Mardi 16 Décembre 2025

À Kinshasa, Emmanuel Ramazani Shadary, ancien candidat à la présidentielle de 2018 et secrétaire permanent du parti de Joseph Kabila, a été arrêté dans la nuit du 15 au 16 décembre 2025. Son interpellation intervient dans un contexte politique tendu, près de trois mois après la condamnation à mort de l’ex-chef de l’État.


En République démocratique du Congo (RDC), un haut cadre du Parti du peuple pour la reconstruction et la démocratie (PPRD) – la formation de l’ancien président Joseph Kabila – a été arrêté cette nuit à son domicile à Kinshasa. Il s’agit d’Emmanuel Ramazani Shadary, secrétaire permanent du PPRD.

Selon des proches, l’interpellation d’Emmanuel Shadary eu lieu vers 3h30 ce matin, à son domicile de la Gombe. Plusieurs dizaines d’hommes en uniformes – principalement des militaires de la Garde présidentielle – se sont présentés à son domicile.

Une dizaine d’entre eux, armés, cagoulés et portant des gilets pare-balles, ont forcé la porte et ont fait irruption dans sa chambre. Ils ont fouillé son bureau, pris ses téléphones portables et sont repartis avec Emmanuel Shadary à bord de jeeps militaires.

Sa famille ne sait pas où il a été emmené. Ce matin, des membres de sa famille se sont présentés à Tshatshi, camp de la garde républicaine, mais n'ont pas eu confirmation de sa présence.

Critique du pouvoir
Réaction ce matin de sa formation politique : son vice-président Aubin Minaku a condamné l’arrestation d’Emmanuel Shadary qui s’est déroulée « dans des conditions inquiétantes […] et au même moment qu’une perquisition nocturne du siège du FCC », la coalition autour de Joseph Kabila.

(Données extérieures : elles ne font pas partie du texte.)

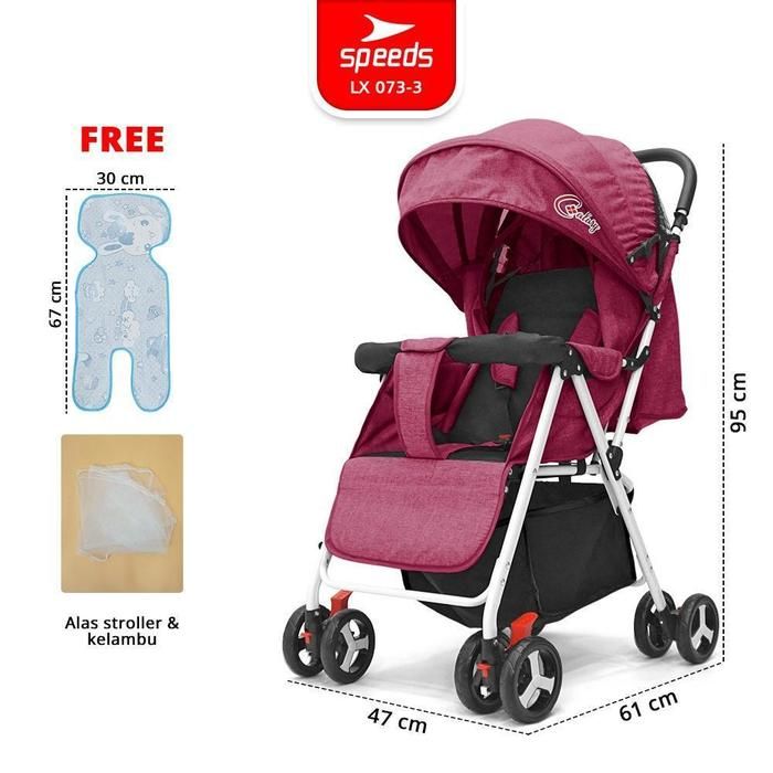 SPEEDS Stroller Anak 2 Mode Fitur Premium Lengkap Teduh Perlengkapan Roda - Stroller LX 073-10 - 3 MERAH
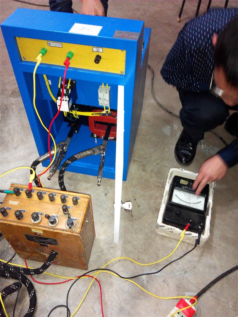 3.20號(hào),公司技術(shù)人員就從武漢出發(fā),21日中午就到達(dá)該公司。下午到電力公司實(shí)驗(yàn)檢測(cè)中心做培訓(xùn)。首先做絕緣靴耐壓,注水實(shí)驗(yàn)正常,但他們所用絕緣靴明確規(guī)定嚴(yán)禁注水實(shí)驗(yàn),只能干式耐壓,因此要求我們配鋼珠;再用升流器校準(zhǔn)電流互感器做演示實(shí)驗(yàn);最后用變比測(cè)試儀測(cè)試電壓互感器變比。
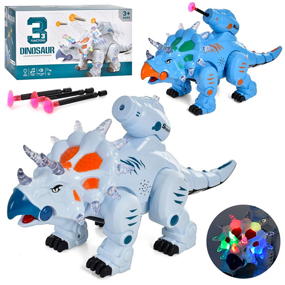 Динозавр 5688-28 стріляє кулями-присосками, ходить, 2 кольори, муз., бат., кор., 33,5-19-14см.
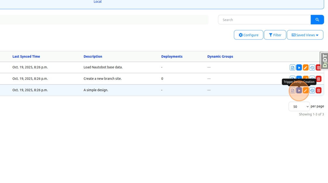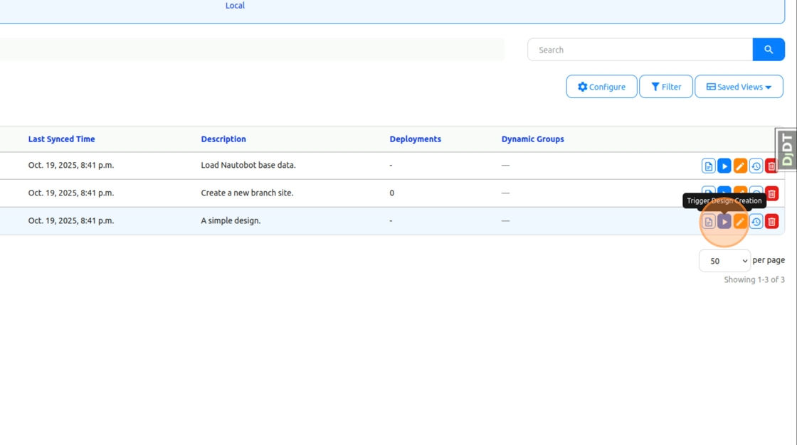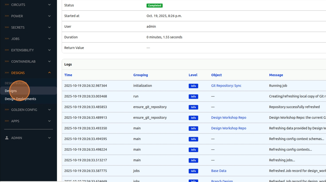 8. let’s run the Design. Go to Nautobot in your Browser. Click “Designs -> Designs” in the Navbar.
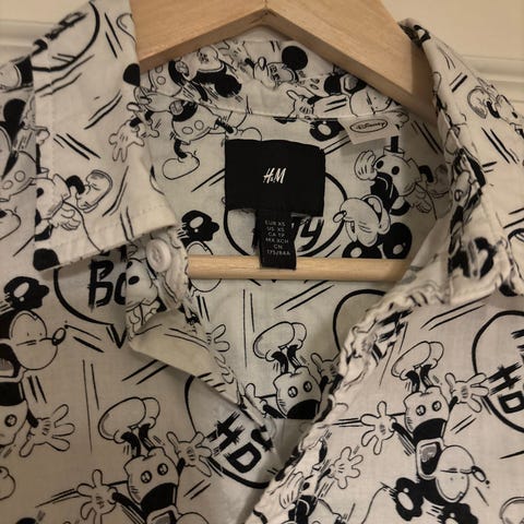Skjorte fra H&M med klassisk Mikke Mus motiv, selges til 50kr. Svært pent brukt. Hentes på Tyholt eller sendes med FiksFerdig
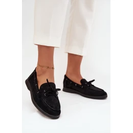 Półbuty Mokasyny Damskie Płaskie Z Wiązaniem Czarne Zalina
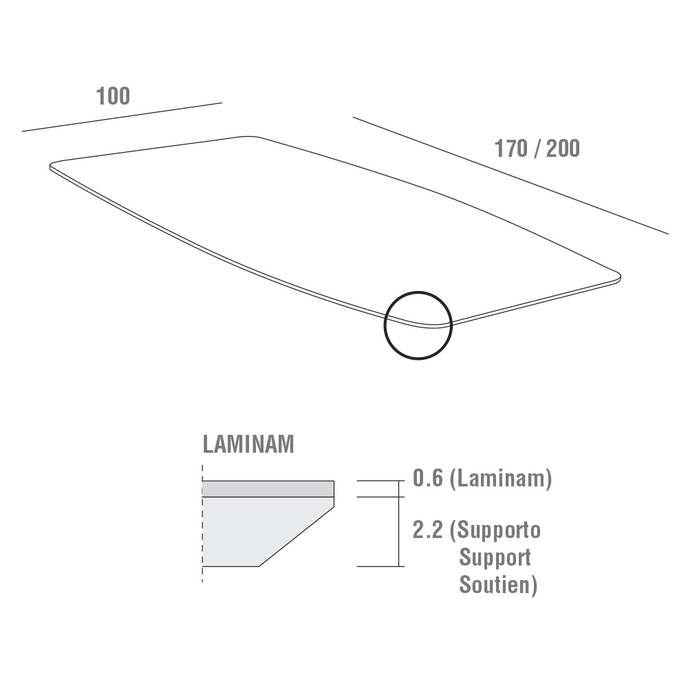 laminam (porcelænsstentøj) top limet på en mdf støtteoverflade. Fra mødet mellem laminamkeramikkens elegance og det eksklusive og klassiske præg givet af den vidunderlige finish på benene, skabes en unik indretningsløsning, kendetegnet ved en

Aubin Minaku qui a dénoncé des méthodes qui « fragilisent la cohésion nationale » et a exigé sa libération immédiate.

Il y a quelques mois, Emmanuel Shadary a été convoqué par la justice militaire et interdit de quitter le territoire, soupçonné par les autorités de complicité avec le groupe rebelle AFC/M23. Plus récemment, cet ancien candidat à la présidentielle de 2018 avait critiqué le procès de Joseph Kabila, estimant qu’il s’agissait d’une tentative de détourner l’attention de l’opinion publique des problèmes dans l’est de la RDC. Ces dernières semaines, il a également critiqué les accords de Washington et de Doha, les qualifiant de revers diplomatique.